Словно из ничего, а на самом деле из безликой массы быстро собравшихся зевак появился комиссар Симон Лейдиг и подошел к ним.
— Она уезжает в Шветцинген, в дом престарелых, хороший, с видом на дворцовый парк и подстриженные лужайки, — сообщил он вместо приветствия; его голос звучал хрипло и прерывисто. — Вообще-то я уже все уладил… Но потом она вывернулась и ударила одного санитара огнетушителем. Теперь мне придется к следующему собранию домовладельцев покупать огнетушитель, а где они продаются — понятия не имею…
Сын был уже явно на пределе, а мать гордо, подобно каменной статуе, возвышалась между крепкими мужчинами в белом, и все трое, казалось, набирались сил перед неизбежным поединком.

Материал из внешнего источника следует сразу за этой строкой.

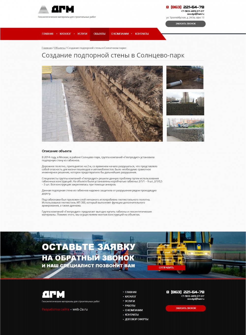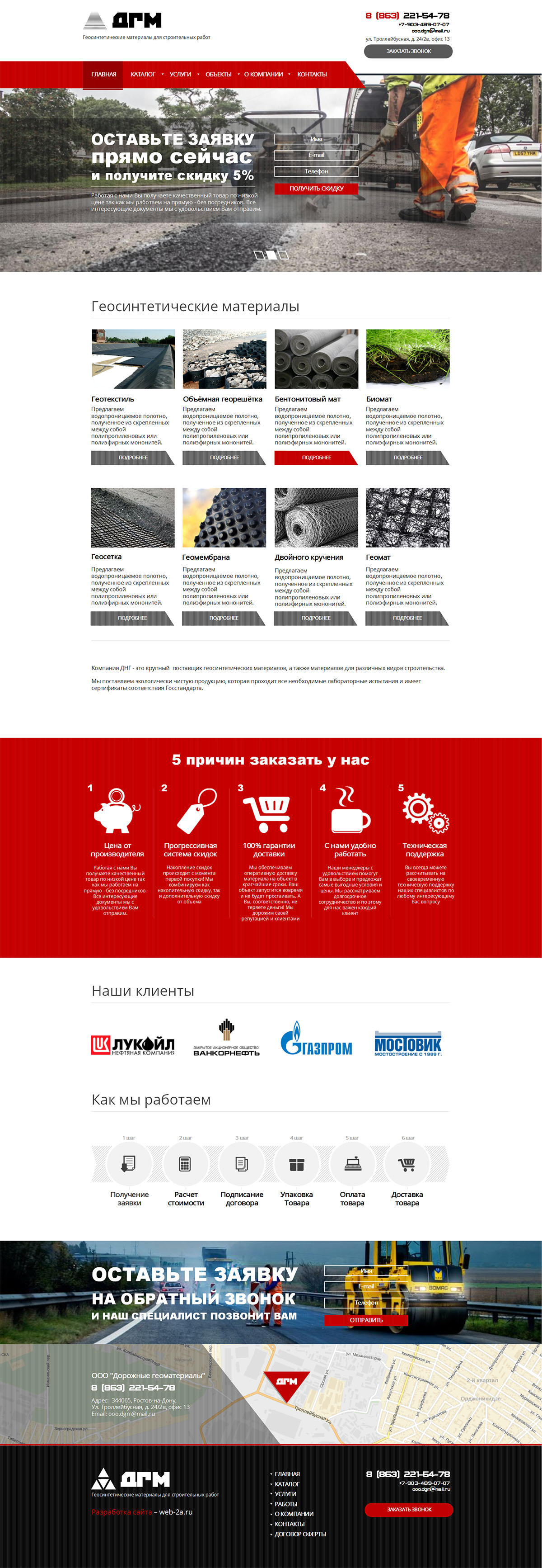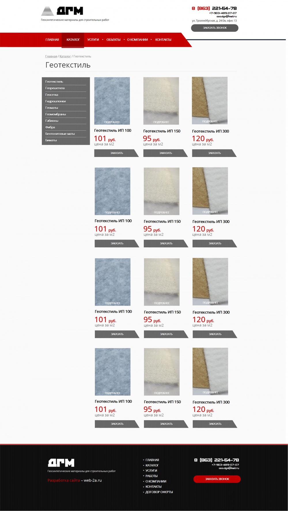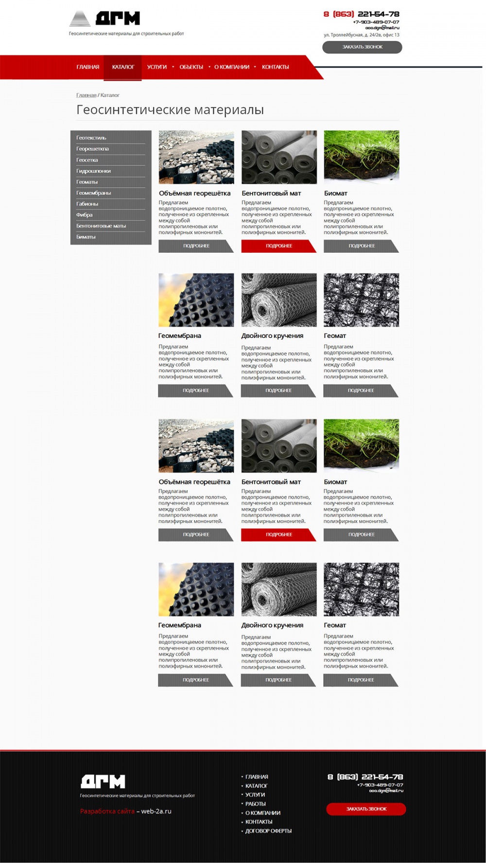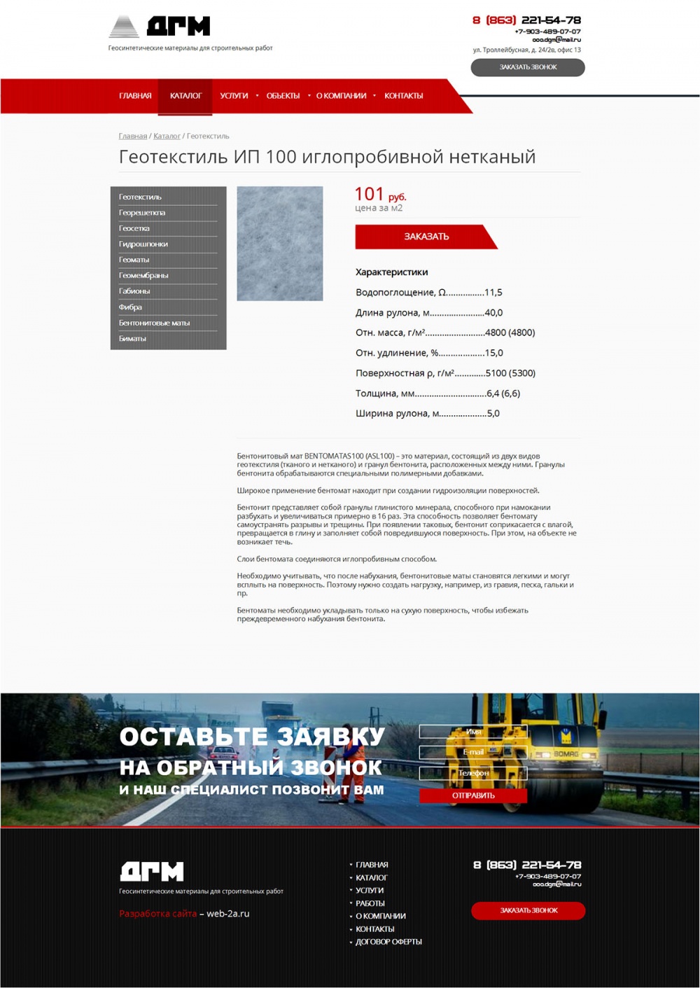 Компания «Дорожные геоматериалы» предлагает широкую линейку геосинтетических и иных строительных материалов. Имеет богатый опыт в сфере работы на рынке геоматериалов, в том числе, работы с крупными проектами, такими как Олимпийские объекты, объекты нефтегазовой добычи, рекреационные объекты.
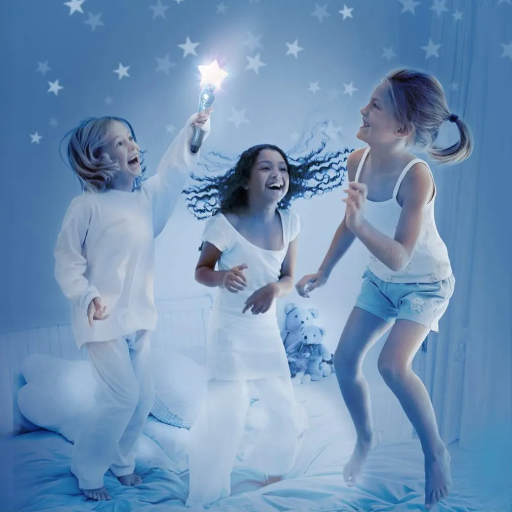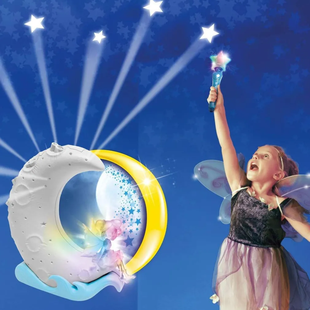 Una stanza buia, la bacchetta in mano e il gioco può iniziare. Con Cattura le Stelle, le bambine ameranno catturare le stelle che appariranno sui muri grazie al proiettore a forma di luna. Le magiche stelle saranno visibili per pochi secondi, bisogna essere le più veloci a prenderle con la bacchetta. Mentre ti muovi attraverso i livelli, le stelle lampeggiano sempre più velocemente. Passa la tua bacchetta al prossimo giocatore per condividere il divertimento o sfidarti a vicenda e vedere chi può raggiungere il livello più alto. Inizia con la modalità di gioco “Facile”, quindi passa alla modalità di gioco “Difficile” quando hai perfezionato le tue abilità. Ogni 3 stelle che accumuli, salirai di livello. Raggiungi il livello 10 e osserva come un arcobaleno di colori viene visualizzato sulla tua bacchetta e ascolta una melodia speciale. Vince chi riuscirà a prendere il maggior numero di stelline illuminate. Ma Quando il divertimento è finito, passa alla modalità “luce notte” e vai dolcemente a dormire sotto uno spettacolo di luci mentre ascolterai la rilassante ninnananna.

Старый боевой конь из Восточной Пруссии, опытный, закаленный тяготами марафонской гонки через ледяные торосы и снежные равнины (во всяком случае, именно этот образ представился Тойеру), фрау Лейдиг тем не менее понимала, что одной физической силой тут не взять.
— Дорогие сограждане, я тут стою, потому что мой сын… — Она замолчала, подыскивая слова, и эта пауза не могла длиться вечно.
— Она меня доконает, — прошептал Лейдиг. — И почему она не убила меня еще в своей утробе? Я больше так не могу…
— Тогда вы просто ступайте с нами, — шепнула Ильдирим и взяла беднягу под руку. — Мы все равно собираемся где-нибудь поужинать.
Лейдиг покорно кивнул. Совсем некстати в памяти Тойера всплыли первые строки знаменитого хита:
Потерял я свое сердце в Гейдельберге,
летней ночью, над величавой рекой…
Гаупткомиссару вспомнился тот, давний Гейдельберг, когда по Главной улице еще ходил транспорт, даже грохотал трамвай… Демонстрации протеста против подорожания проезда, нарастание напряженности, водометы на улицах. Странное было время. Дискуссии на телеэкране о том, грозит ли государству опасность, когда пара дюжин молодых людей громит банки. Зернистые черно-белые фотографии добропорядочных граждан, требовавших смертной казни для террористов, радостно, с улыбкой требовавших… Нет, дело его не отпускало.
Лейдиг не был голоден, и они сначала заглянули в кафе «Буркхард». Старший гаупткомиссар пропустил под кофе с молоком вторую порцию ликера на травах. По его черепной коробке разлилось приятное тепло, мозг опушился нежнейшими волосками.